Manan Suri has built key elements of computer chips that mimic the learning ability and energy efficiency of the brain. And he did it by harnessing a quirk of next-generation memory technology.
That technology is known as emerging non-volatile memory (eNVM). Because of peculiarities in their nanoscale physics, eNVM devices often behave in random ways, which in computers is usually a flaw. But Suri realized that this irregularity could help researchers build so-called neuromorphic chips, which emulate the neurons and synapses in our brains.
While transistors store information as 1s and 0s, the biological synapses that store information in the brain can take multiple states. That means building computers that behave like the brain traditionally required complicated artificial synapses that can also take multiple states.
Suri recognized that he could harness the inherent variability of eNVMs to build large-scale neuromorphic systems capable of doing supervised and unsupervised learning. He’s exploited that irregular behavior for cybersecurity and advanced sensing applications. Earlier this year he founded a startup, Cyran AI Solutions, to build neuromorphic and cybersecurity hardware based on his eNVM research.
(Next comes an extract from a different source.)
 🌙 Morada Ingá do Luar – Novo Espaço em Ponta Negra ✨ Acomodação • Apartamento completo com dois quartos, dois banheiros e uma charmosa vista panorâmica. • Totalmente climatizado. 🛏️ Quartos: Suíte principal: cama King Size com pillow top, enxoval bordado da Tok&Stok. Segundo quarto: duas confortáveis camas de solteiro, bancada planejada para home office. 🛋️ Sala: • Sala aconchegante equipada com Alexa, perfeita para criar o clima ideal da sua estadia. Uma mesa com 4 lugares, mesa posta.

Making off-the-shelf electronics stretchable.
Stretchy electronics that can conform to the body no longer have to compromise between electrical and mechanical performance, thanks to some smart engineering by Sheng Xu.
Marrying rigid electronic components with elastic materials is tricky. The mismatch in their mechanical properties generates huge strains, causing them to separate when deformed. That’s why most previous research in flexible electronics focused on building new components that are soft and flexible. But Xu didn’t see the sense in discarding decades of progress in the electronics industry. “Why not use something that already matured decades ago?” he says. His strategy made it possible to integrate off-the-shelf components into elastic materials to create highly stretchable electronics as capable as their rigid counterparts.
Xu opted to bond only tiny sections of the components to the elastic material and then support them in a fluid-filled capsule. These are joined together with wires configured into long wavy lines that unravel in an ordered way when stretched. He’s used the approach to build a lithium-ion battery that stretches by up to 300 percent and a hospital-quality health monitor that conforms to the body as it moves. The latter has been developed into a wearable physiological sensor called BioStamp by a startup called MC10.
Her innovations could make better, cheaper alternatives to silicon solar cells.
the solar energy industry has lacked a low-cost, high-performance alternative to silicon for a long time. In recent years, a family of hybrid materials called perovskites has gained attention because they can achieve high power output more cheaply than silicon. But making them work in practice has proved difficult. Early prototypes of perovskite-based solar cells weren’t as efficient as conventional silicon cells at converting the energy in sunlight into electricity.
Huanping Zhou developed a series of chemical processes that made perovskite-based solar cells more efficient and cheaper to produce. If they can be mass-produced, her innovation will make solar power much cheaper.
Growing up in the countryside of China, Zhou did not have electricity at home. She and her siblings did their homework by the light of a kerosene lamp. Her childhood experience motivated her to devote herself to solar technology.
The cell Zhou developed converts more than 20 percent of the energy in sunlight, about the same rate as existing silicon panels. Although some other perovskite cells are more efficient, Zhou’s invention is important because it makes the manufacturing process easier and cheaper. The cells can be produced at temperatures below 302 °F (150 °C) by spraying or printing a perovskite-based liquid solution onto a substrate such as glass. The process for some other types of perovskite cells requires temperatures around 932 °F.
Perovskite-based solar cells tend to degrade faster than silicon cells, so Zhou is also working on improving their durability.